_THE RECORDS_
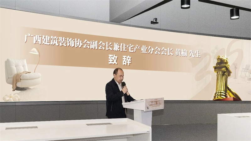 发布会开始,广西建筑装饰协会黄榆副会长上台致辞,黄会长先是肯定了星艺装饰作为协会有担当的会员单位,深耕家装行业35年、扎根广西24,坚守诚信与品质。作为行业龙头企业,始终规范自律、推动广西家居行业健康发展。在3.15消费者权益日,能直面行业痛点,公开宣誓诚信经营,主动邀请媒体监督,以实际行动维护消费者权益,树立行业标杆。同时呼吁装饰同行以诚信、品质、服务为核心,共建安全放心的家装消费环境,助力广西装饰行业持续健康发展。
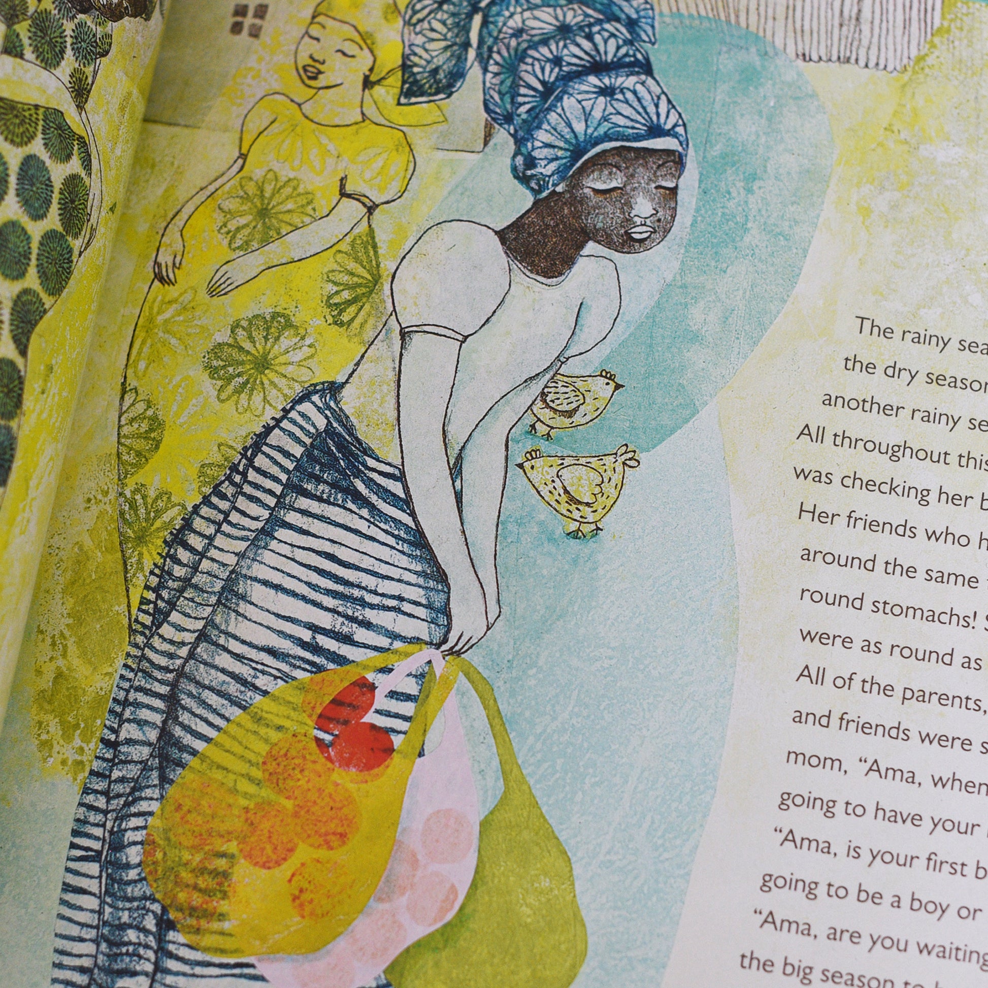 W małej wiosce w Afryce Zachodniej młoda dziewczyna wyjaśnia, w jaki sposób się urodziła. Jej matka miała trudności z zajściem w ciążę, dlatego szuka pomocy w postaci lalki, którą traktuje jak ludzkie dziecko, nosząc ją na plecach i osłaniając pocałunkami. Mijają miesiące i wreszcie kobiecy brzuch zaczyna rosnąć! Ta piękna historia przedstawia dane dotyczące płodności mieszkańców Akua-Ba w Ghanie, a jednocześnie ukazuje głęboką miłość matki do swoich dzieci. Subtelne, wspaniałe ilustracje Élodie Nouhen łączą kolaż i grafiki, które przypominają tradycyjną sztukę afrykańską, a jednocześnie są wyjątkowo współczesne. Każda rozkładówka oddaje wygląd i klimat Afryki Zachodniej – płonącą żółć słońca, głęboki błękit nieba, tkaniny o bogatych wzorach oraz żywą florę i faunę. Tekst Adrienne Yabouzy odzwierciedla rytm życia jej ojczyzny – Republiki Środkowoafrykańskiej. Książkę zamyka krótkie wprowadzenie do sztuki afrykańskiej i znaczenia posągów płodności w kulturach afrykańskich.
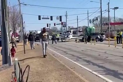 Самолет врезался в автомобили во время экстренной посадки на дорогу.
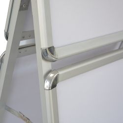 • Zusammenklappbare weisse Kunststoffstaffelei - mit Wasser beschwerbar • Auswechselbare starre Anzeige im Format A1 • Zwei kleine individuell gestaltbare Bereiche oberhalb der verzierbaren Fläche für Ihre Logos • Anwendung im Aussenbereich möglich
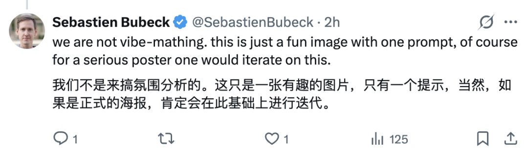 新模型發(fā)布后,曾任微軟AI副總裁、現(xiàn)就職于OpenAI的Sebastien Bubeck也第一時間下場,為GPT-Image-1.5站臺。
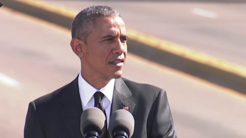 Obama also noted that, despite five decades’ worth of change, voting rights are once again in peril. “Right now, in 2015, 50 years after Selma, there are laws across this country designed to make it harder for people to vote,” he said, adding, “Meanwhile, the Voting Rights Act, the culmination of so much blood and sweat and tears, the product of so much sacrifice in the face of wanton violence, stands weakened, its future subject to partisan rancor.”
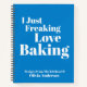 I Just Freaking Love Baking! Blank recipe journal in blue, personalised with your name.
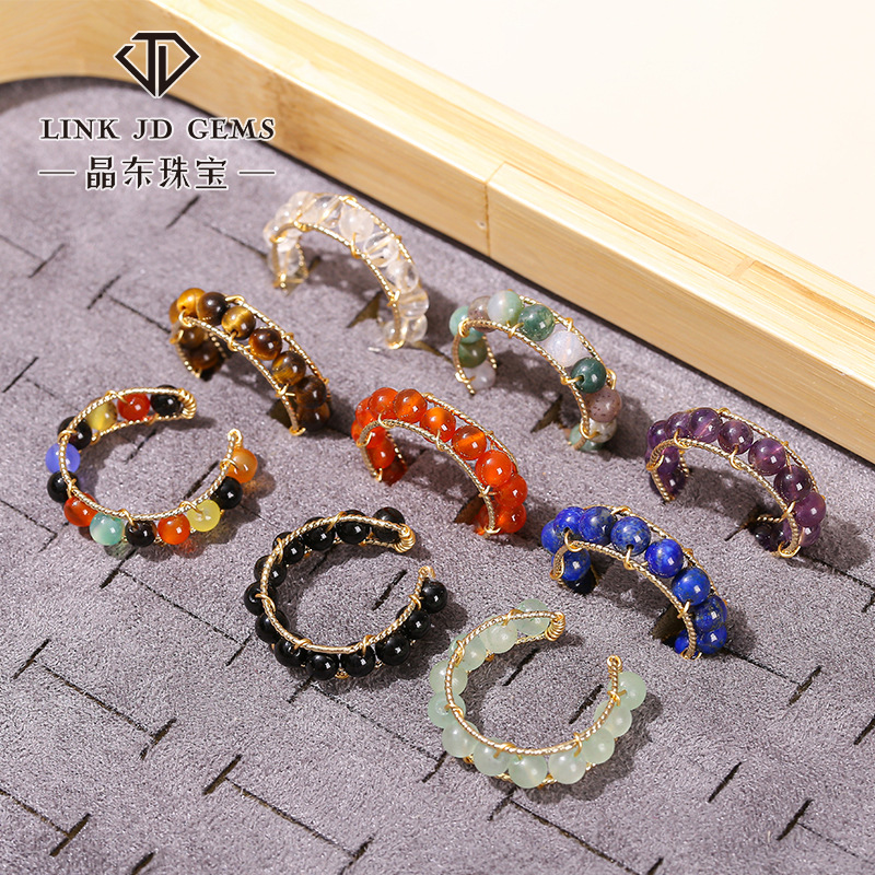 Jingdong Jewelry Crystal Jade Beads Open Ring Girls Niche Design Summer Joker Ring Wholesale

_ABOUT THIS TASK_
Return each line of the data, keeping its wording exact and omitting pictures.

_RESPONSE_
 发布会开始,广西建筑装饰协会黄榆副会长上台致辞,黄会长先是肯定了星艺装饰作为协会有担当的会员单位,深耕家装行业35年、扎根广西24,坚守诚信与品质。作为行业龙头企业,始终规范自律、推动广西家居行业健康发展。在3.15消费者权益日,能直面行业痛点,公开宣誓诚信经营,主动邀请媒体监督,以实际行动维护消费者权益,树立行业标杆。同时呼吁装饰同行以诚信、品质、服务为核心,共建安全放心的家装消费环境,助力广西装饰行业持续健康发展。
 W małej wiosce w Afryce Zachodniej młoda dziewczyna wyjaśnia, w jaki sposób się urodziła. Jej matka miała trudności z zajściem w ciążę, dlatego szuka pomocy w postaci lalki, którą traktuje jak ludzkie dziecko, nosząc ją na plecach i osłaniając pocałunkami. Mijają miesiące i wreszcie kobiecy brzuch zaczyna rosnąć! Ta piękna historia przedstawia dane dotyczące płodności mieszkańców Akua-Ba w Ghanie, a jednocześnie ukazuje głęboką miłość matki do swoich dzieci. Subtelne, wspaniałe ilustracje Élodie Nouhen łączą kolaż i grafiki, które przypominają tradycyjną sztukę afrykańską, a jednocześnie są wyjątkowo współczesne. Każda rozkładówka oddaje wygląd i klimat Afryki Zachodniej – płonącą żółć słońca, głęboki błękit nieba, tkaniny o bogatych wzorach oraz żywą florę i faunę. Tekst Adrienne Yabouzy odzwierciedla rytm życia jej ojczyzny – Republiki Środkowoafrykańskiej. Książkę zamyka krótkie wprowadzenie do sztuki afrykańskiej i znaczenia posągów płodności w kulturach afrykańskich.
 Самолет врезался в автомобили во время экстренной посадки на дорогу.
 • Zusammenklappbare weisse Kunststoffstaffelei - mit Wasser beschwerbar • Auswechselbare starre Anzeige im Format A1 • Zwei kleine individuell gestaltbare Bereiche oberhalb der verzierbaren Fläche für Ihre Logos • Anwendung im Aussenbereich möglich
 新模型發(fā)布后,曾任微軟AI副總裁、現(xiàn)就職于OpenAI的Sebastien Bubeck也第一時間下場,為GPT-Image-1.5站臺。
 Obama also noted that, despite five decades’ worth of change, voting rights are once again in peril. “Right now, in 2015, 50 years after Selma, there are laws across this country designed to make it harder for people to vote,” he said, adding, “Meanwhile, the Voting Rights Act, the culmination of so much blood and sweat and tears, the product of so much sacrifice in the face of wanton violence, stands weakened, its future subject to partisan rancor.”
 I Just Freaking Love Baking! Blank recipe journal in blue, personalised with your name.
 Jingdong Jewelry Crystal Jade Beads Open Ring Girls Niche Design Summer Joker Ring Wholesale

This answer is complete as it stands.